Data items:
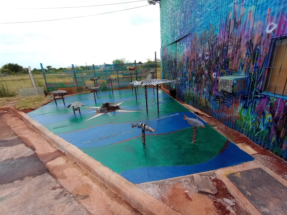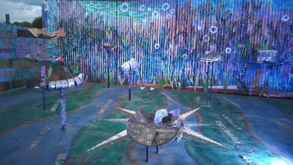 Describió además que los peces de hierro reciclado fueron forjados, la chapa martillada, soldada, “trabajamos también con color que cuando se pintó el mural resaltamos lo colores para que los peces pudieran destacarse en su protagonismo. Todos llevan su nombre para que quienes los visiten sepan de qué pez se trata. Los nombres y las ciudades y sus kilómetros están hechos en barras de acero soldadas e incrustadas en el cemento para que no se oxiden y duren en el tiempo”.
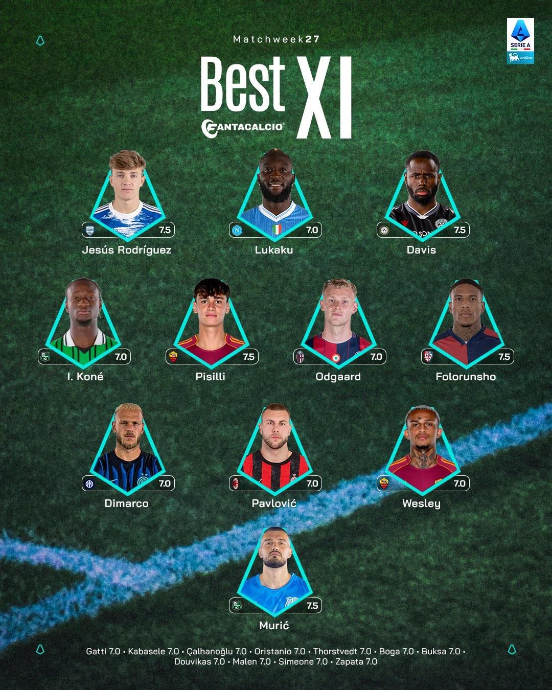 中场:伊斯梅尔-科内(萨索洛)、皮西利(罗马)、延斯-厄德高(博洛尼亚)、弗洛伦肖(卡利亚里)
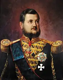 The Sacred Military Constantinian Order of Saint George (Italian: Sacro Militare Ordine Costantiniano di San Giorgio, Spanish: Sagrada Orden Militar Constantiniana de San Jorge), also historically referred to as the Imperial Constantinian Order of Saint George[1] and the Order of the Constantinian Angelic Knights of Saint George,[2] is a dynastic order of knighthood of the House of Bourbon-Two Sicilies.[3] Currently, the grand magistry of the order is disputed among the two claimants to the headship of the former reigning House of Bourbon-Two Sicilies as heirs of the House of Farnese, namely Prince Pedro and Prince Carlo. The order was confirmed as a religious-military order in a 1718 papal bull owing to a notable success in liberating Christians in the Peloponnese. Alongside the Sovereign Military Order of Malta it is the sole international Catholic Order which still has this status today.[4] Although it is not an order of chivalry under patronage of the Holy See, membership is restricted to practising Catholics.[5][6]
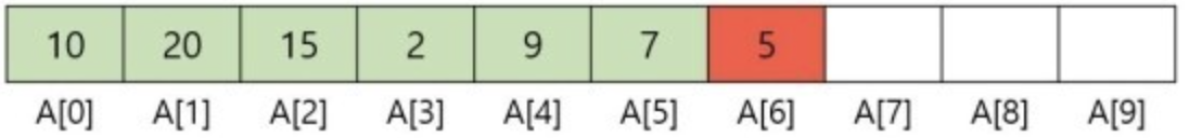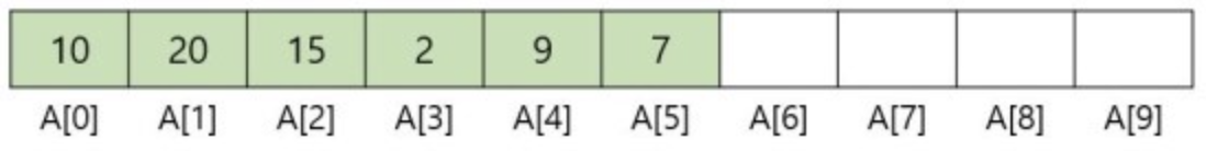A[6]에 5라는 값을 넣고, 혹은 빼고 싶을 때 해당 인덱스값을 알고 있다면 접근의 개념으로 O(1)의 시간복잡도를 가지지만 해당 인덱스를 찾아야한다면 검색의 시간복잡도인 O(n)에 해당합니다.
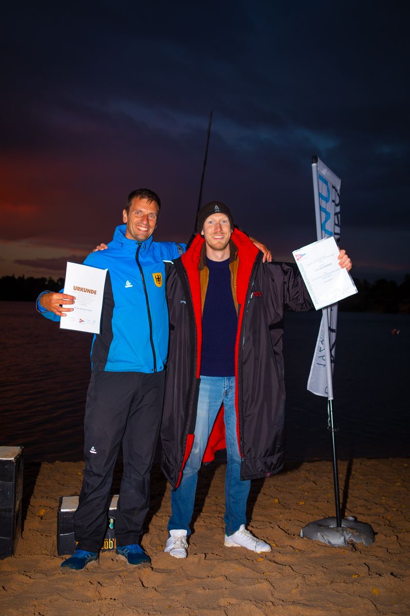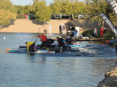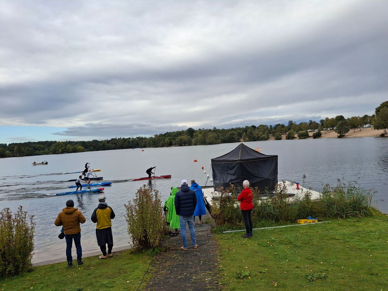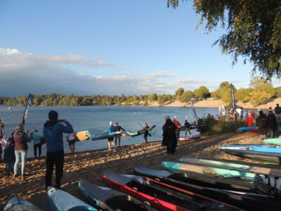 Die SKG Hanau mit Normen Weber als „Zeitmaschine“ von den Kanu Schwaben hatte den See in eine kleine Regatta verwandelt. Die Sprints fanden in einer eigens geschaffenen kleinen Mini-Regatta statt. Moderiert wurde die DM von Rudy van Haven – ein SUPler der ersten Stunde.
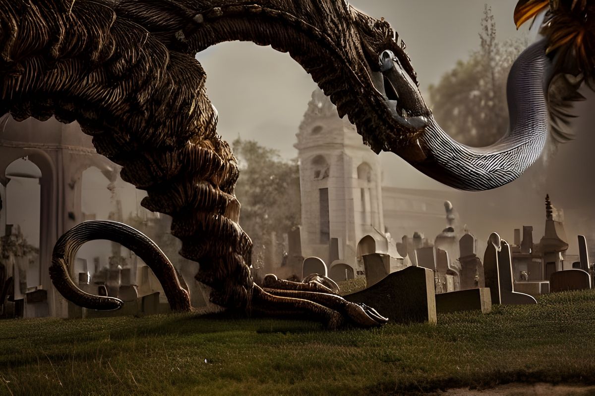 A photorealistic image of a mongoose cobra beast towering over a graveyard. The intricate details are rendered in 8k with octane rendering.
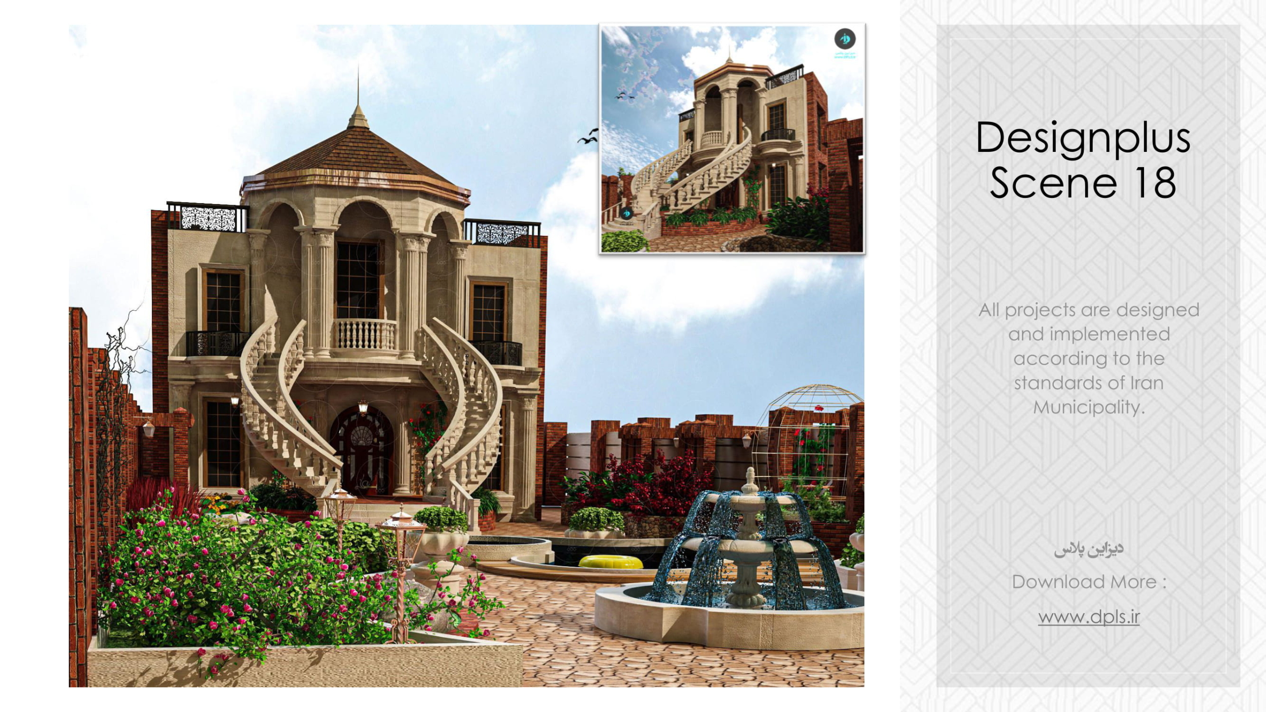 آرشیو دیزاین پلاس سنز مجموعه چهارم ۴ Designplus Scenes شامل ۵ مدل سه بعدی قابل استفاده در ۳Ds Max شامل پروژه های داخلی و خارجی به همراه تمامی نور پردازی ها ، تکسچرها و تنظیمات رندر می باشد که تمامی آنها مورد استفاده در ایران و با تمامی ضوابط طراحی ایران و قوانین شهرداری طراحی شده است و شامل مدل های نهایی ، تایید شده و قابل اجرا می باشد.
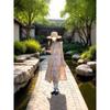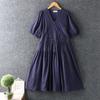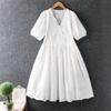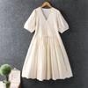 Verano Ropa Nueva para Mujer Estilo Japonés Dulce Encaje Cuello en V Color Sólido Bordado Vestido Largo Manga Corta Algodón Lino Vestido Holgado
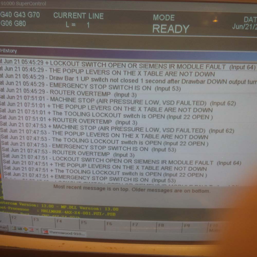 Last week we had a tech out and he along with help from Thermwood determined it was either a temp sensor on the fan (which was replaced 2 years ago) or the temp sensor on the HSD unit. We installed a new fan today and had the same error. As well, we jumped the temp sensor wire and again the same error.
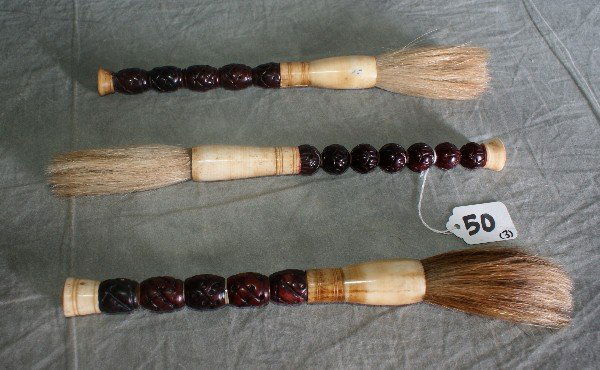 Three Antique Chinese calligraphy brushes.

**YOUR ASSIGNMENT**:
Repeat exactly the lines from the one containing "Last week we" to the last line of the data above, both included, and write no pictures into the copy.

**ANSWER SECTION**:
 Last week we had a tech out and he along with help from Thermwood determined it was either a temp sensor on the fan (which was replaced 2 years ago) or the temp sensor on the HSD unit. We installed a new fan today and had the same error. As well, we jumped the temp sensor wire and again the same error.
 Three Antique Chinese calligraphy brushes.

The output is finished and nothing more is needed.